ラノベ

一言感想『魔術士オーフェンはぐれ旅 女神未来(下)』 著:秋田 禎信

(長い日になりそうだ……)
魔王オーフェン・フィンランディは魔術学校の校長室で、目まぐるしく変化する情勢を放っておく他なかった。手を打つにも手の数が足りず、匙を投げるわけにもいかない。≪死の教主≫カーロッタ・マウセンと対面を果たすも、休戦を余儀なくされていた。混沌は極まる。キルスタンウッズの壊滅、市議会からの戦術騎士団への圧力、突然の合成人間の現出…。
「約束の地」を夢見た原大陸で、混乱に混乱が上乗せされていく。それでも、オーフェンは知っていた。あの時とは違う。もう全てを捨てられるほど身軽じゃない。絶望だって受け入れなければ、希望はない。答えは決まっている。「笑われても、何度でもやるさ」 20年にわたる長編「はぐれ旅」シリーズ。第四部、堂々の完結編!

魔術士オーフェン新章の最終巻です。

フィンランディ3姉妹のネットワークから突然現出したゴースト・マルカジット。
目的は定かではありませんが、ペイジット・パッキンガムに魔剣オーロラ・サークルを託して、魔王として世を治めさせたいのか。

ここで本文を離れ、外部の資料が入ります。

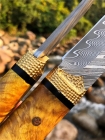 全长:22cm、刃长:10.2cm、手柄:11.8cm、厚度:3.5mm、刃宽:2.9cm、钢材:进口锻造大马士革钢,硬度:60HRC,热处理:高温真空热处理、开刃方式:纯手工三道研磨,手柄材料:纯黄铜镶嵌+进口金丝楠木,皮套:意大利进口植鞣革皮手工雕花缝线刀套!经典怀旧气息!包装:手工黑色盒装
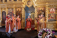 Его Высокопреосвященству сослужили: благочинный 1-го Бронницкого округа и настоятель собора иерей Сергий Себелев, благочинный 2-го Бронницкого округа иерей Алексий Розов, а также клирики 1-го и 2-го Бронницких благочиний.
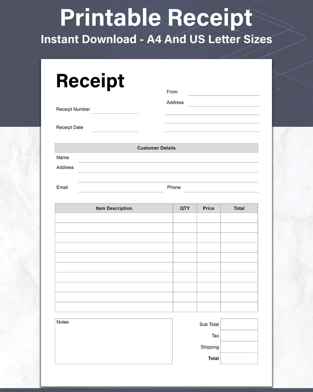 Receipt Template Printable Customer Order Receipt Small Business Sales Receipt Form A4 And US Letter PDF Etsy
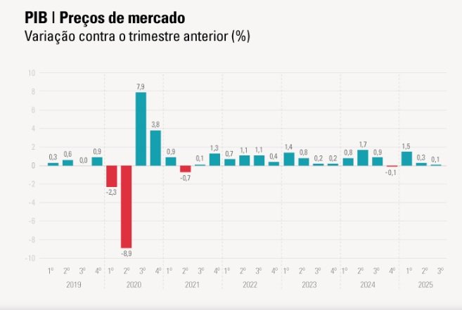 O PIB do Brasil cresceu apenas 0,1% no 3º trimestre de 2025, abaixo das expectativas e confirmando a desaceleração econômica. Embora a indústria e a agropecuária tenham avançado, o setor de serviços ficou praticamente parado, assim como o consumo das famílias. Na comparação anual, o PIB subiu 1,8% e acumula alta de 2,7% em 12 meses. A economia segue pressionada pelos juros altos de 15%, que freiam investimentos e crédito, enquanto o mercado projeta crescimento de 2,16% para 2025 e 1,78% para 2026.
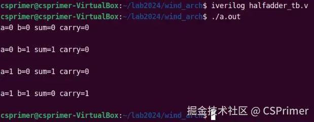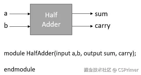 下面就是半加器的符号和verilog实现,输入是a b输出out是sum跟carry,大家自己去实现一下,就是把前面实现的异或门跟与门组合起来实现半加器,
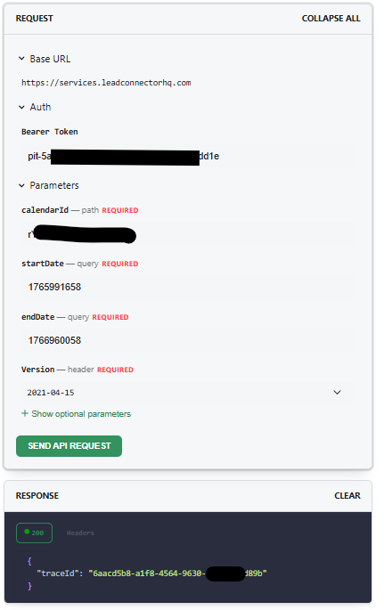 However when I try to use the API request (get free slots) it successfully runs, but returns no slots, just the traceId. Get Free Slots | GHL API
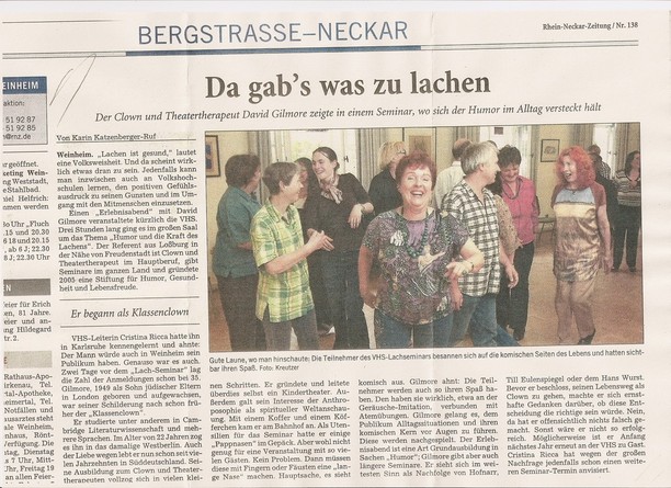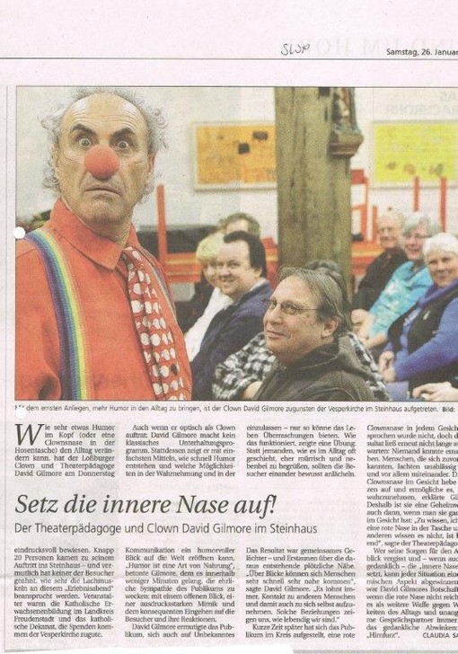 Die Freude im Alltag sei hierzulande ja schon geradezu verpönt. „Es gibt nur zwei Gründe, warum man sich in der Öffentlichkeit freut: Entweder man hat im Lotto gewonnen, oder man hat Geburtstag“, sagte Gilmore. Genau dem will Gilmore entgegenwirken, ohne Trauer und Negatives völlig auszublenden. So offenbarte der gebürtige Brite beim Vorlesen aus seinem Buch „Der Clown in uns – Humor und die Kraft des Lachens“ auch traurige und ernste Seiten seiner Vergangenheit. Trotzdem gelang ihm immer wieder der Bogen hin zu seinem grundlegenden Thema: Die innere Einstellung muss stimmen, die rote Clownsnase in der Tasche sollte nie vergessen werden. Erst dann wird Kurioses komisch, der verspätete Zug zum allerkleinsten Übel oder der nervige Tick zum persönlichen Running-Gag.
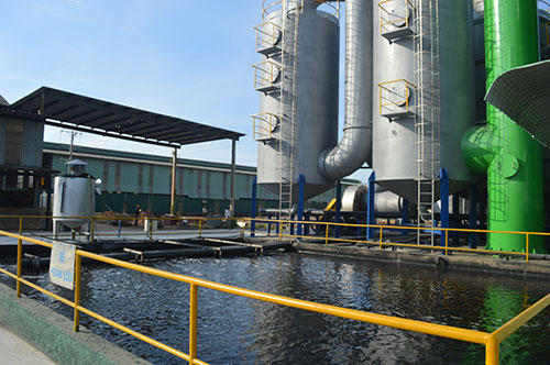 Bể hoàn lưu thuộc Cụm xử lý chất thải nguy hại. Than, tro sau khi đốt được dùng làm phụ gia sản xuất gạch và vật liệu xây dựng, nhiệt phát sinh từ quá trình đốt chất thải nguy hại được thu hồi, sử dụng cho quá trình hấp, sấy khô gạch. Ảnh: P.V
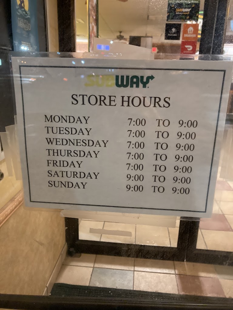 Closed before 7pm and, drive through wouldn’t even open the window to say anything…. I’ll be happy to send corporate once this review is replied to. 6:45pm and neither the lobby nor drive thru open…because she looked right at us, while sitting there playing on her phone and proceeded to sit down on the floor and text. Not a holiday folks nor a storm. Get off your phones and do your jobs.
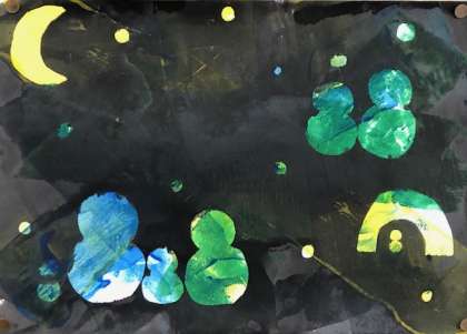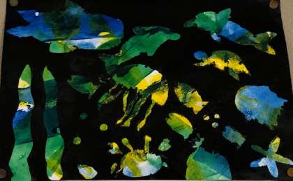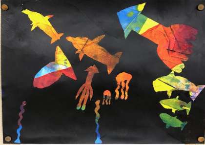 2年図工では、2種類の版画にチャレンジします。今日は、ローラー版画に取り組みました。さまざまな色の絵の具をつかってローラーで描いた上にシールを貼り、黒の絵の具をローラーで重ねます。シールをはがすと、「海の中の生き物たち」「光る雪だるま」「海の楽園」など、すてきな世界が完成しました。
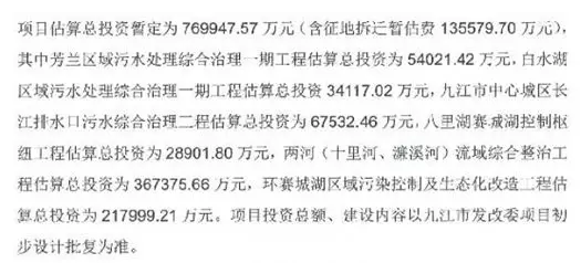 九江市中心城區(qū)水環(huán)境系統(tǒng)綜合治理一期項目總投資約77億元,采用PPP模式運作,合作期為20年,其中建設期2-3年,主要建設內容包括芳蘭區(qū)域污水處理綜合治理一期工程、九江市芳蘭污水處理廠一期配套管網(wǎng)項目工程、芳蘭污水處理廠一期項目尾水凈化工程等六大板塊。
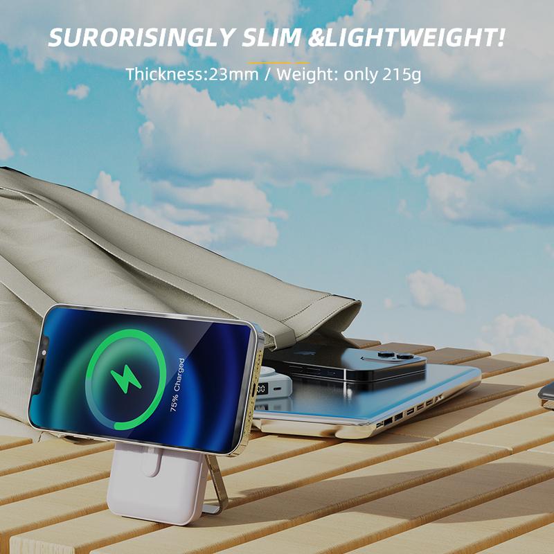 Ever find yourself scrambling for a charger during outdoor adventures or emergencies? This 20000mAh fast magnetic power bank is your perfect travel buddy. Its huge battery capacity ensures your phone, tablet, or other devices stay powered no matter where you roam. Thanks to fast wireless charging with magnetic MagSafe compatibility, iPhone users can effortlessly snap on and juice up without fumbling with cords. The sleek, ultra-thin 23mm design slips easily into your backpack or pocket, making it ideal for on-the-go lifestyles. Multiple ports including Apple Connector, Type-C, and USB let you charge up to six devices at once — perfect for group trips or busy days. Plus, the built-in hidden stand adds convenience for hands-free use. Safety is top priority with a multi-protection system guarding against overcharge, short circuits, and more, so you can charge with confidence. Weighing only 215 grams, it’s lightweight yet powerful. Whether hiking, traveling, or just tackling your daily routine, this power bank keeps your essential devices charged and ready. Grab yours today and stay connected wherever life takes you!
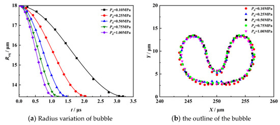 Under the conditions of dimensionless distance γ = 1.1 and initial radius Req = 18 μm, the changes in bubble shape, jet velocity, and wall impact load are studied when the driving pressure Pd is between 0.1 to 1 MPa. Figure 12a,b shows the variation of the radius and profile of the bubble when the bubble collapses under different driving pressure Pd, respectively. The results show that the time for the bubble to collapse to the minimum radius is 3.2 μs when Pd = 0.1 MPa, while the bubble collapse time to the minimum radius is 1 μs at Pd = 1 MPa. With the increase in driving pressure, the bubble collapse velocity increases, and the collapse period decreases. Moreover, at γ = 1.1, the bubble profiles are the same for different driving pressures Pd acting on the bubble collapse, and the equivalent radius Req is 13.4 μm, which is consistent with the phenomenon observed by Hasio [28]. This shows that changing the initial driving pressure does not affect the shape of the end of the bubble collapse under the same γ condition.
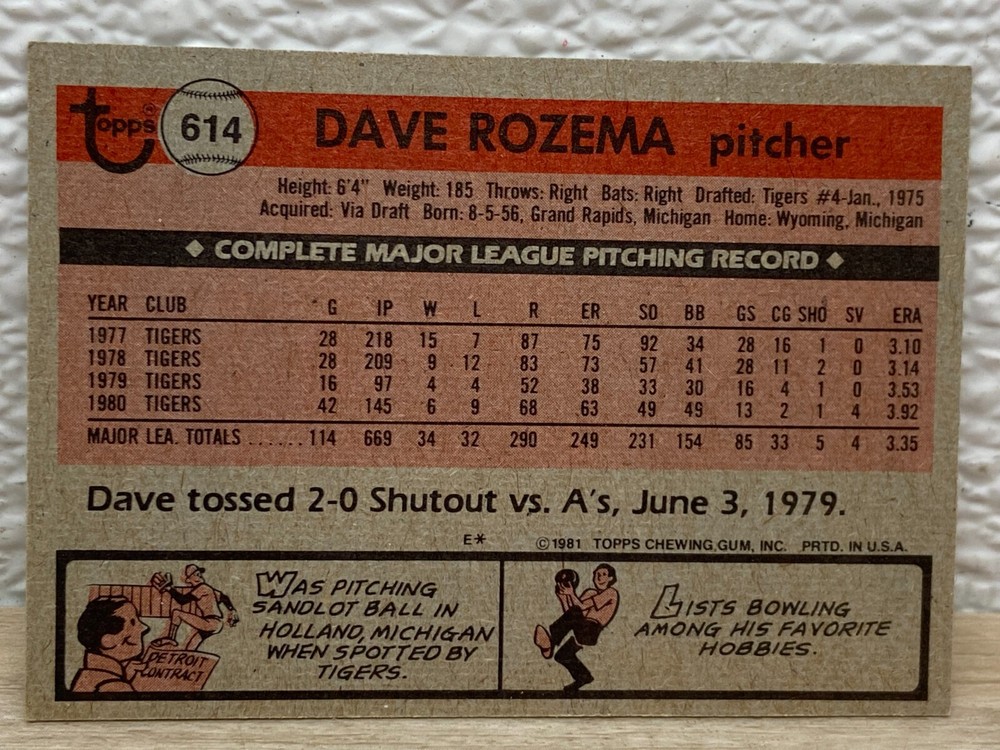 Vtg 1981 Topps MLB Dave Rozema Tigers # 614 Baseball Card.In very good condition.
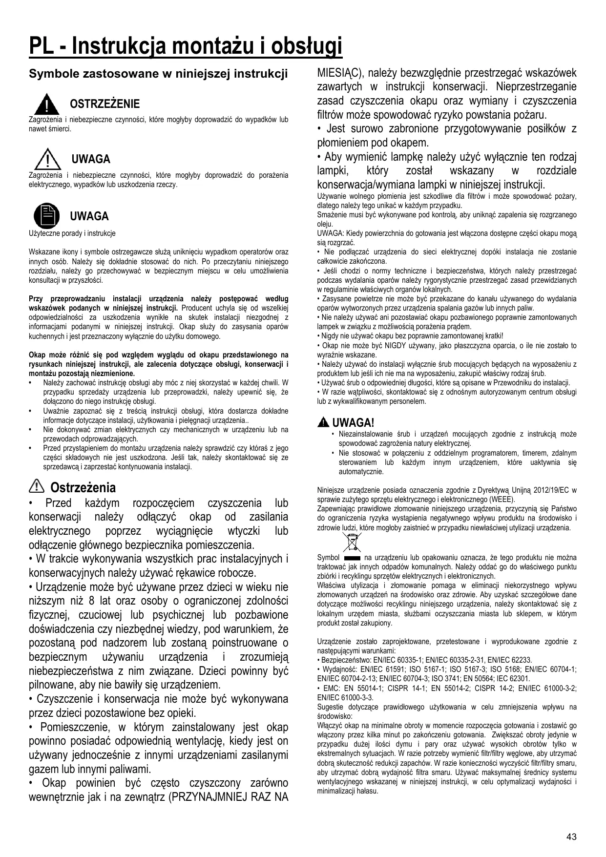 UWAGA Użyteczne porady i instrukcje Wskazane ikony i symbole ostrzegawcze służą uniknięciu wypadkom operatorów oraz innych osób. Należy się dokładnie stosować do nich. Po przeczytaniu niniejszego rozdziału, należy go przechowywać w bezpiecznym miejscu w celu umożliwienia konsultacji w przyszłości. Przy przeprowadzaniu instalacji urządzenia należy postępować według wskazówek podanych w niniejszej instrukcji. Producent uchyla się od wszelkiej odpowiedzialności za uszkodzenia wynikłe na skutek instalacji niezgodnej z informacjami podanymi w niniejszej instrukcji. Okap służy do zasysania oparów kuchennych i jest przeznaczony wyłącznie do użytku domowego. Okap może różnić się pod względem wyglądu od okapu przedstawionego na rysunkach niniejszej instrukcji, ale zalecenia dotyczące obsługi, konserwacji i montażu pozostają niezmienione. • Należy zachować instrukcję obsługi aby móc z niej skorzystać w każdej chwili. W przypadku sprzedaży urządzenia lub przeprowadzki, należy upewnić się, że dołączono do niego instrukcję obsługi. • Uważnie zapoznać się z treścią instrukcji obsługi, która dostarcza dokładne informacje dotyczące instalacji, użytkowania i pielęgnacji urządzenia.. • Nie dokonywać zmian elektrycznych czy mechanicznych w urządzeniu lub na przewodach odprowadzających. • Przed przystąpieniem do montażu urządzenia należy sprawdzić czy któraś z jego części składowych nie jest uszkodzona. Jeśli tak, należy skontaktować się ze sprzedawcą i zaprzestać kontynuowania instalacji.
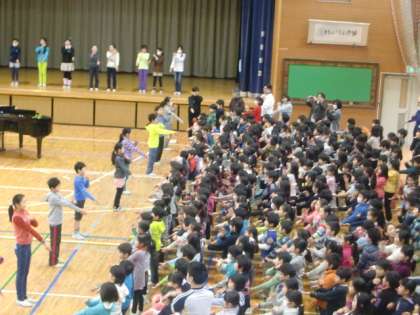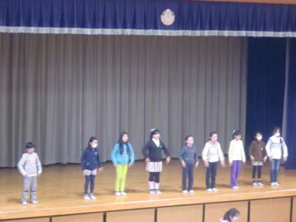 4年生が代表者が全校児童の前でお手本を示し、みんなでチャレンジしました。
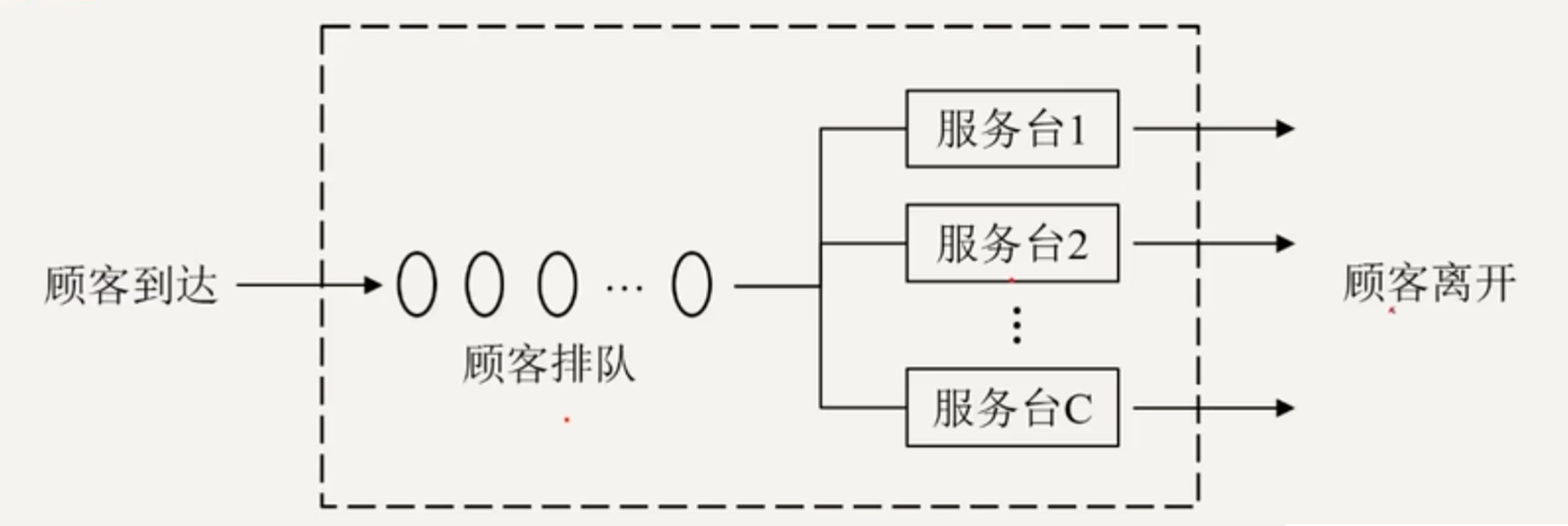- c 个服务器(c Servers): 系统包含 c 个并行工作的服务器,可同时为多个顾客提供服务;
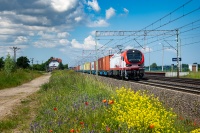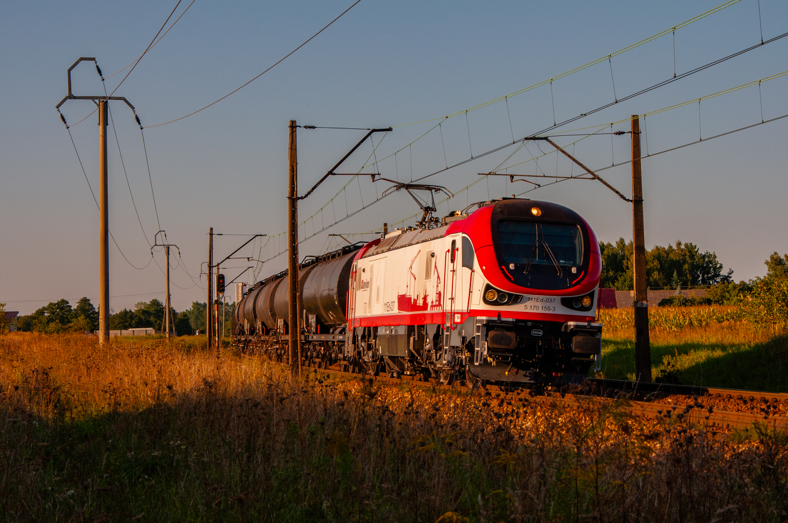 111Ed-037 z składem beczek zbliża się do podg. Dionizów jadąc dalej na Zduńską Wolę
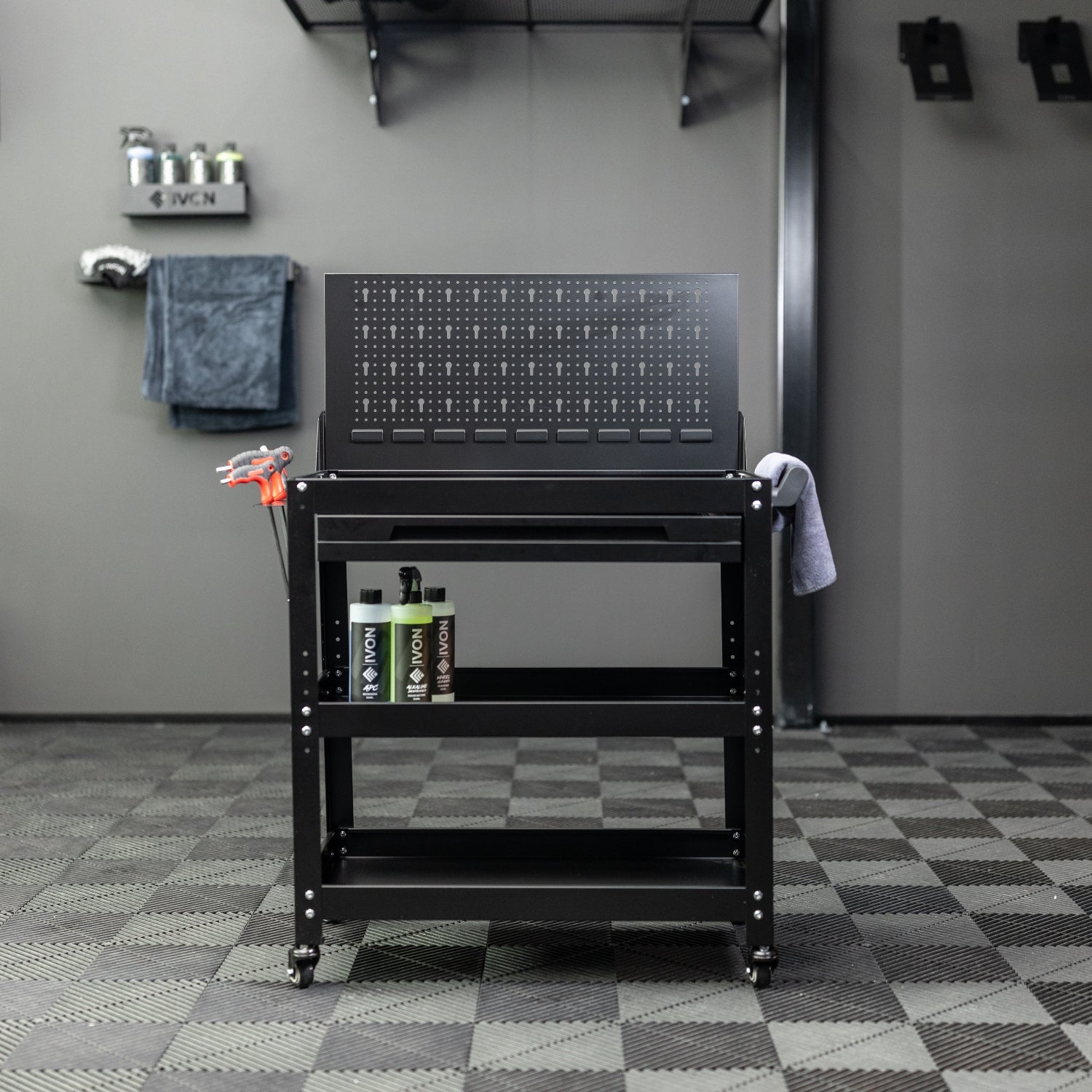 Robust workshop trolley with three shelves, drawer and integrated tool board - a complete and stylish solution in our Black Series.

戦術騎士団・魔術学校の体制はほぼ壊滅し、あとは手が出せないカーロッタとの結末を待つだけの身となったオーフェン・フィンランディ。

妻メッチェンを殺され、カーロッタ派と、魔術学校への総攻撃を目論む市長サルア・ソリュードと派遣警察。

最強のヴァンパイア・シマスを制御することに成功し、ローグタウンを占拠中のカーロッタ。

ローグタウンの潜入に成功するペイジット、マヨール、フィンランディ3姉妹。

物語が終幕します。


長い話でしたが、オリジナルシリーズのキャラクターたちと、その系譜となる次世代のキャラクターたちが歴史を繰り返していくような形で巧く絡み合い、この複雑怪奇な物語の主演を務めあげました。
やはりオーフェンは組織に属さず、奔放に思うがまま「我は放つ光の白刃!」って地人どもを吹き飛ばしている、そういうイメージが強いです。

個人的には、このシリーズは最初からしがらみに囚われたオーフェンを描いていたこともあり、違和感を覚えていました。
思わせぶりで、会話の流れが掴めないところもあり、もやっとした部分もありますが、無事完結してもらって良かったです。